Step 310: a source URL and a target URL are obtained.
Step 320: word segmentation: segmenting the source URL according to the hierarchical structure of the URL and the special characters to obtain a source segmentation sequence; and segmenting the target URL according to the hierarchical structure of the URL and the special characters to obtain a target segmentation sequence.
Step 330: generalization: generalizing the character strings meeting preset rules in the source URL to obtain a first generalized variable set; generalizing the character strings meeting the preset rules in the target URL to obtain a second generalized variable set; and obtaining a third generalized variable set according to the union set of the first generalized variable set and the second generalized variable set.
Step 340: and (3) calculating an editing distance: and determining the editing distance between the target URL and the source URL by taking the participles in the target participle sequence and the participles in the source participle sequence as minimum measurement units.
Step 350: normalization of the edit distance: and normalizing the editing distance of the source URL and the target URL to obtain the normalized editing distance.
In a specific implementation, normalizing the edit distance between the source URL and the target URL to obtain a normalized edit distance, includes:
acquiring the word segmentation number of a target word segmentation sequence;
and taking the ratio of the editing distance of the source URL to the target URL to the number of the participles as the normalized editing distance.
Step 360: if the normalized editing distance is larger than or equal to a preset threshold value, determining that the target URL is not similar to the source URL; and if the normalized editing distance is smaller than a preset threshold value, determining that the target URL is similar to the source URL.
In the embodiment of the application, if the edit distance between the target URL and the source URL is smaller than the preset threshold, which indicates that the target URL and the source URL are very similar, whether the target URL is a safe URL may be determined by determining the similarity between the target URL and the normal source URL.
An embodiment of an apparatus for performing the URL similarity detection method is described below, and please refer to the embodiment of the URL similarity detection method for details that are not carelessly missed in the URL similarity detection apparatus.
Fig. 4 is a flowchart of a URL similarity detection apparatus according to an embodiment of the present disclosure. As shown in fig. 3, the apparatus 400 includes at least the following.
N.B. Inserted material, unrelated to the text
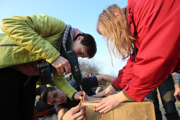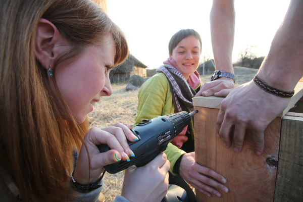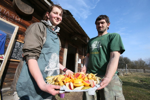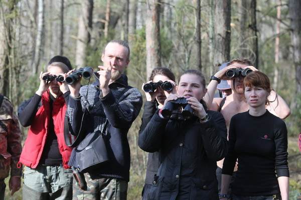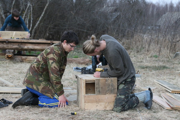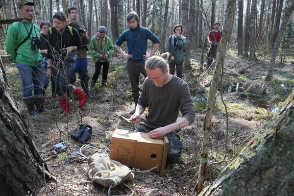 Гэты імклівы надыход вясны заспеў удзельнікаў лагера не з пустымі рукамі: птушак ужо чакалі некалькі гатовых хатак, падобных на шпакоўні, ішла бойкая работа над новымі драўлянымі канструкцыямі. Гаспадарамі незвычайных новабудоўляў павінны стаць совы і сычыкі. Стварэнне новых домікаў і пляцовак для гнездавання савіных відаў якраз і з’яўлялася адным з праграмных мерапрыемстваў лагера «Начныя жыхары ляСоў». Не давялося сумаваць маладому арнітолагу Дзянісу Кіцелю (на фотаздымку), для якога вывучэнне соў з’яўляецца ці не асноўным заняткам жыцця. Ён ладзіў майстар-класы па развешванні домікаў, праводзіў лекторыі і вадзіў групы па балотных дарогах.

AURL obtaining unit 410 for obtaining a source URL and a target URL;
aword segmentation unit 420, configured to perform word segmentation on the source URL according to the hierarchical structure of the URL and the special character, to obtain a source word segmentation sequence;
theword segmentation unit 420 is further configured to perform word segmentation on the target URL according to the hierarchical structure of the URL and the special character, so as to obtain a target word segmentation sequence;
an editdistance calculation unit 430, configured to determine an edit distance between the target URL and the source URL by using the participles in the target participle sequence and the participles in the source participle sequence as minimum measurement units;
and asimilarity calculation unit 440, configured to determine a similarity between the target URL and the source URL according to the editing distance.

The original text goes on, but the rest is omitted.